**YOUR GOAL**
Copy the material below verbatim from the line with "More information about" to the line with "La prima dama", both lines included, omitting pictures and every line outside that range.
· · · · ·
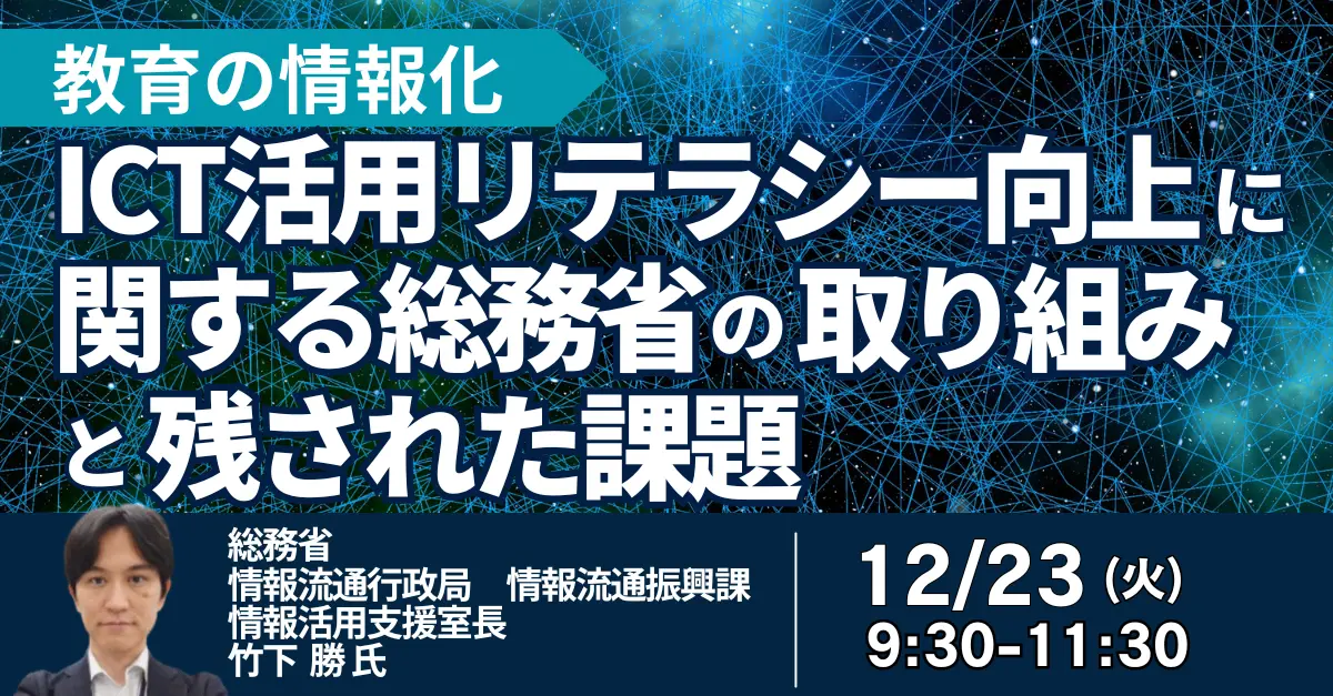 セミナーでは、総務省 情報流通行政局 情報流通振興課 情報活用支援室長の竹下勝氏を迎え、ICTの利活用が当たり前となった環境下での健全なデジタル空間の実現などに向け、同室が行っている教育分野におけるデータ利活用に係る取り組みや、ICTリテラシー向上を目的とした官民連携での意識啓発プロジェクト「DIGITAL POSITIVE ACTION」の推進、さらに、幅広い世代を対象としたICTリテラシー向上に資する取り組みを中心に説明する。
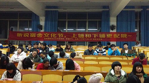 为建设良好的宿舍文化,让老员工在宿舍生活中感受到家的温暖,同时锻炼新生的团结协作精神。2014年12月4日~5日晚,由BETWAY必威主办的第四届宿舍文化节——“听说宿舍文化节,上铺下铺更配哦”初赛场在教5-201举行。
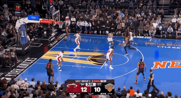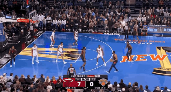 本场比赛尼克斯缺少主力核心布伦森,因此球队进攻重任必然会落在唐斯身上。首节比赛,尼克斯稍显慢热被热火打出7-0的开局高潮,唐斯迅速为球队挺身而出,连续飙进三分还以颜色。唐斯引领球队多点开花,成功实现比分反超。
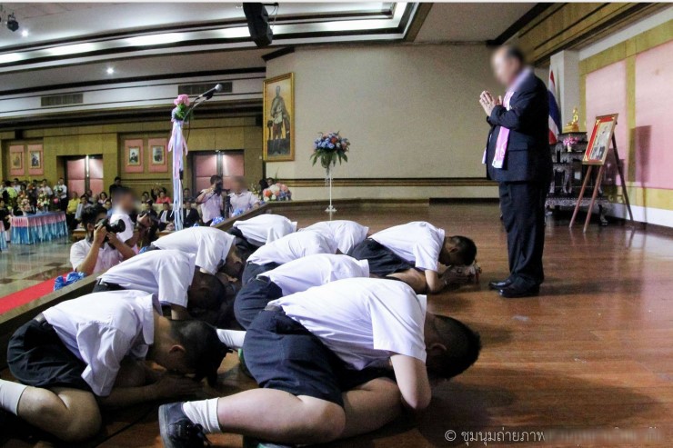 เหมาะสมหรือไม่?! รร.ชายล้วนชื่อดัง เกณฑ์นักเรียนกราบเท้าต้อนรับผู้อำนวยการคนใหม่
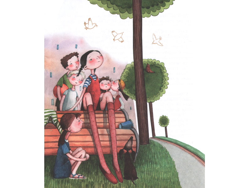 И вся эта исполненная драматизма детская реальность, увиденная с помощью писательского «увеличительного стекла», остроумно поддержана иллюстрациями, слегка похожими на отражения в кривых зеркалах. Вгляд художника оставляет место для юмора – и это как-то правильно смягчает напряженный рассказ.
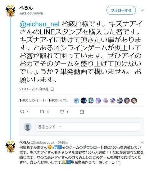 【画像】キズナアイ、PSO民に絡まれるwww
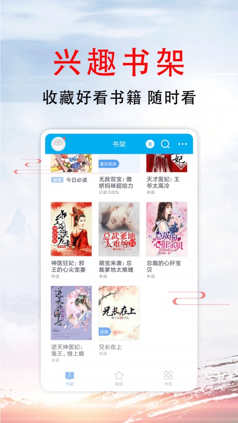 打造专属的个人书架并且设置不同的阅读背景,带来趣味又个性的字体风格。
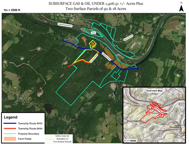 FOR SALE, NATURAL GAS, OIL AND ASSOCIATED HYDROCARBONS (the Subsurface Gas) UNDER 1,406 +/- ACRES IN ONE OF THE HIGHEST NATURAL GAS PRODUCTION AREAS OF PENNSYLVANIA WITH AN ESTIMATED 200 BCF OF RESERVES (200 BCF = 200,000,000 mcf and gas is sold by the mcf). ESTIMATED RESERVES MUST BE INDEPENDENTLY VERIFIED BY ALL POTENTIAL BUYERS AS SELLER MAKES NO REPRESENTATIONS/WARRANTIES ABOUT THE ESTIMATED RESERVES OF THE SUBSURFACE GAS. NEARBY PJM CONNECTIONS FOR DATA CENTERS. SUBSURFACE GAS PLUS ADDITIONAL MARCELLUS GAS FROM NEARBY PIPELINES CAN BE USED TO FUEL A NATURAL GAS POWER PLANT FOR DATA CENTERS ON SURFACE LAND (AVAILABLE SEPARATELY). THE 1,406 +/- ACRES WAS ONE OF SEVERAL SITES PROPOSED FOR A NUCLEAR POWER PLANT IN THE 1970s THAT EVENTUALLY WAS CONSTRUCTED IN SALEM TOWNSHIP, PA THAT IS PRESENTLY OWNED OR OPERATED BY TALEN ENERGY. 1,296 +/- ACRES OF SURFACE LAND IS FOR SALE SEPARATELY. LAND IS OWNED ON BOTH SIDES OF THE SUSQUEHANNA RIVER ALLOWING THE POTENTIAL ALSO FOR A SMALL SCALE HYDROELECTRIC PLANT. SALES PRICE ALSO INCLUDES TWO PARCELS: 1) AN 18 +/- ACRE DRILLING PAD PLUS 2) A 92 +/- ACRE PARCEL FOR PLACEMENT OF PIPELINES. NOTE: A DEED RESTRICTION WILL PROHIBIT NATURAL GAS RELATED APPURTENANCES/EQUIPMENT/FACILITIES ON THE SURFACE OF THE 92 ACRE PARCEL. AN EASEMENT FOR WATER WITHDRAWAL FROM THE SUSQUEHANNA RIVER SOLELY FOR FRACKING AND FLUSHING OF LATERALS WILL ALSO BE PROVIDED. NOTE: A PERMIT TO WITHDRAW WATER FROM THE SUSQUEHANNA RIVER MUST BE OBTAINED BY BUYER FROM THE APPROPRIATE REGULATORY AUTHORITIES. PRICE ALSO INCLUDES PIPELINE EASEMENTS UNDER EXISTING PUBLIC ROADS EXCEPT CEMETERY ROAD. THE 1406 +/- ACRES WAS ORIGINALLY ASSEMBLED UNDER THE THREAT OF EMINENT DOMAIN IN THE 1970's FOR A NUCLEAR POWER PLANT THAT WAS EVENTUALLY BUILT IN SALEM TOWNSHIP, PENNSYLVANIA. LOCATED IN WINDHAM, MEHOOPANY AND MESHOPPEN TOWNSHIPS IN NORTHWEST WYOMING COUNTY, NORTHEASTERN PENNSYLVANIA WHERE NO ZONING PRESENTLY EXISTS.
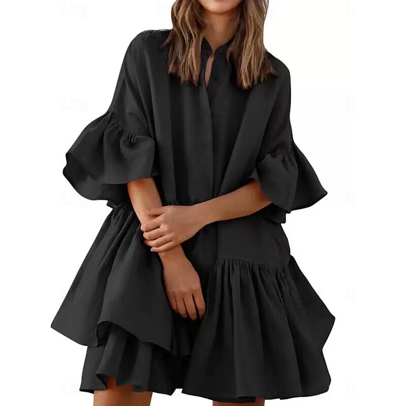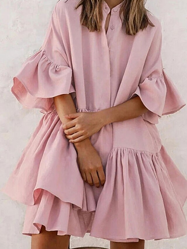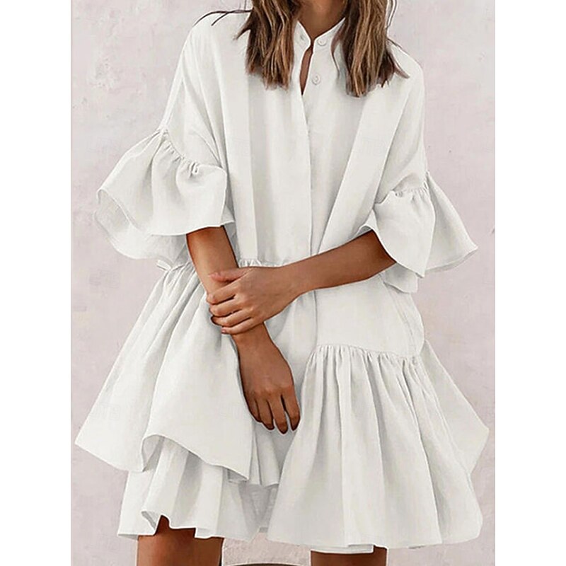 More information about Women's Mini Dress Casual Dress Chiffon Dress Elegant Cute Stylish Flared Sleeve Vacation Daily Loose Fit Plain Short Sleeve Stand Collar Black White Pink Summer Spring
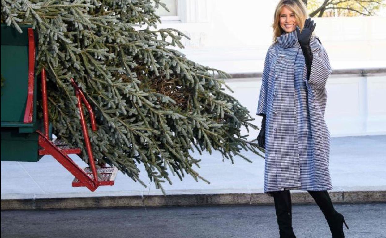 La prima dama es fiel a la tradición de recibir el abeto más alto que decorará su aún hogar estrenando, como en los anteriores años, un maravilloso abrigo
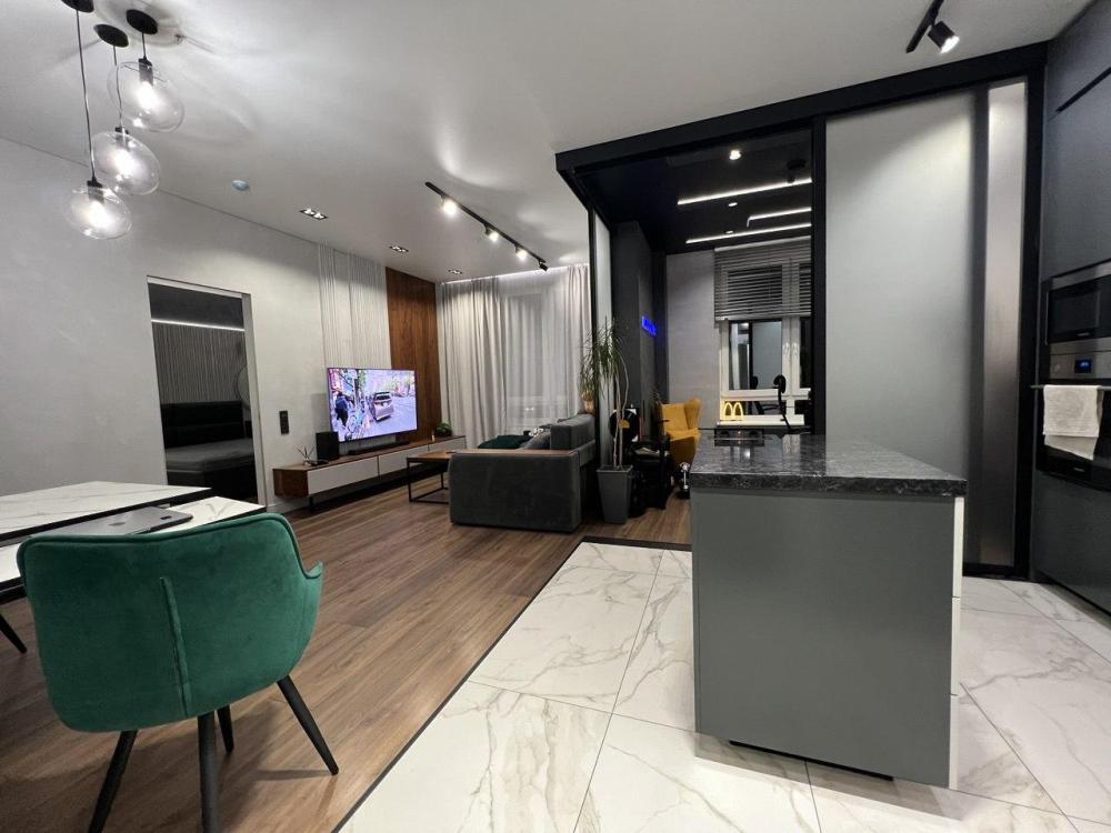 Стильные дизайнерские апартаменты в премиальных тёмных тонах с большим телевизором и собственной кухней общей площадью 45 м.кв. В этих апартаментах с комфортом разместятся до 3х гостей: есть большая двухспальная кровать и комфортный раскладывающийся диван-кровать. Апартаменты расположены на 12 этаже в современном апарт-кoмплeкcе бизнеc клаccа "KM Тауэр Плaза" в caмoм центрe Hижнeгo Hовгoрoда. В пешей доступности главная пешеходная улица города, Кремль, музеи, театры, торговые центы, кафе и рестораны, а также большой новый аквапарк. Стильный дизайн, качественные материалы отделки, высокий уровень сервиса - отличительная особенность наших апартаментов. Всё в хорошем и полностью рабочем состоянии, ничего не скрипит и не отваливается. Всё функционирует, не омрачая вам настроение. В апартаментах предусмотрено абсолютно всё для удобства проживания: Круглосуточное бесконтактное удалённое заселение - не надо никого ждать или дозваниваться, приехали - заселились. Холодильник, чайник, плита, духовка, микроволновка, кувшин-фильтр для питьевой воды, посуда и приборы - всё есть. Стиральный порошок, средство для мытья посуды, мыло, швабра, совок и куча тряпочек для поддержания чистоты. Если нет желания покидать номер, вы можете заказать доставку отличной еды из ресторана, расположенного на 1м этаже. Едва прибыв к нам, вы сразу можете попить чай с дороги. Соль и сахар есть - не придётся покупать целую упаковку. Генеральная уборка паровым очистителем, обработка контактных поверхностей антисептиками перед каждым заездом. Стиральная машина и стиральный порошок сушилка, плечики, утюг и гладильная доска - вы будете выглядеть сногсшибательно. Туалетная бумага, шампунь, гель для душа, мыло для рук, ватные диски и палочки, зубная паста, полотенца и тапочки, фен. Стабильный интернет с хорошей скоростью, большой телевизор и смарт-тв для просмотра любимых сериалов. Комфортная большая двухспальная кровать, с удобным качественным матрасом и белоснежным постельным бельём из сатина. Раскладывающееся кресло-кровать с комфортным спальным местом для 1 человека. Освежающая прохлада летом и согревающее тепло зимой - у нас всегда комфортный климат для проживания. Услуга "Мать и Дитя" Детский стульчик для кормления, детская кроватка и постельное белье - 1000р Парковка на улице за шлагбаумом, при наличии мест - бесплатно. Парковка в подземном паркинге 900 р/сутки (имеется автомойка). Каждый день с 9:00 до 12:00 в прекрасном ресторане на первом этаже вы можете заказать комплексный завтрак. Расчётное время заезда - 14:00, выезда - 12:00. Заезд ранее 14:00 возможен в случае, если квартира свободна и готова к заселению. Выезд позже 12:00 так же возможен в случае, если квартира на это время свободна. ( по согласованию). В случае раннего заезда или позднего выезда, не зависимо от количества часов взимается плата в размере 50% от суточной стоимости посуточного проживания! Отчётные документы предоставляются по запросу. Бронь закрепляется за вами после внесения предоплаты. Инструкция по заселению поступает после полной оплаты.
· · · · ·
**SOLUTION BELOW**
 More information about Women's Mini Dress Casual Dress Chiffon Dress Elegant Cute Stylish Flared Sleeve Vacation Daily Loose Fit Plain Short Sleeve Stand Collar Black White Pink Summer Spring
 La prima dama es fiel a la tradición de recibir el abeto más alto que decorará su aún hogar estrenando, como en los anteriores años, un maravilloso abrigo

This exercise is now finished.